Years ago I gardened for an elderly woman who was unsociable, stubborn and cantankerous. She had worked in publishing and became a director at a time when that was rare for a woman and she developed a deep contempt for anyone who, in her eyes, treated her in a sexist or condescending way. She told me right from the start to never, ever address her as 'love' for example and she'd stopped talking to a neighbour who had unthinkingly done that. She had some carers for a while but fired them for being, as she said, 'complete sluts'. Nonetheless, we got on okay and I found her interesting and very knowledgeable, if sometimes a little prickly.

As time went on she became ill and it turned out that she was seriously anaemic, so she was given a couple of blood transfusions and put on steroids. This resulted in a marked change in her personality and she became quite lively, friendly and very energetic. After some months of this, she was found dead in bed by a neighbour, having died of pneumonia. On her bedside table was a list titled 'Party' and there were notes on what foods she'd prepare, where coats were to be left and so on. This was to be her first party for about 40 years, perhaps ever.

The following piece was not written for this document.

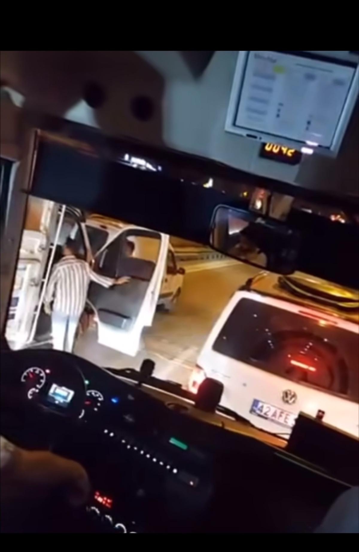 Bir süre trafikte tartışan sürücüler daha sonra durarak kavgaya tutuştu. Birbirlerine saldıran sürücüleri vatandaşlar ayırdı.

She had already arranged for a friend, a professor of death studies no less, to organise the funeral. It was to be a woodland burial, no bought flowers, no minister or anyone to do the main talking. The professor went through her address book and latest correspondence and invited everyone he could find, which amounted to some 20 people. We all chose a dish from the party food list to prepare and then met up in her house a few hours before the funeral, where we used her heating and drank her wine and fruit juice, and had her party for her before heading off to bury her. It was a pretty good party, the crowd was composed of a few neighbours, one distant relative and some frequent customers to her academic second hand bookshop, quite a mixed group. We got to know each other and took turns to tell our stories to the room, so by the time we got to the burial ground we were all familiar with each other to some extent.

The whole thing was utterly surreal and very much felt like being part of an Art House film. And it rained too.

This is such a lovely tale

OP posts:
Joonio · 20/11/2023 14:30

When newly married we invited husbands team mate and wife for supper after the game. At home we often had macaroni cheese for tea and I thought it would be a nice easy dish.
They pushed it warily round the plate and he asked what was it. When I told him macaroni he had never heard of it and left it on the plate.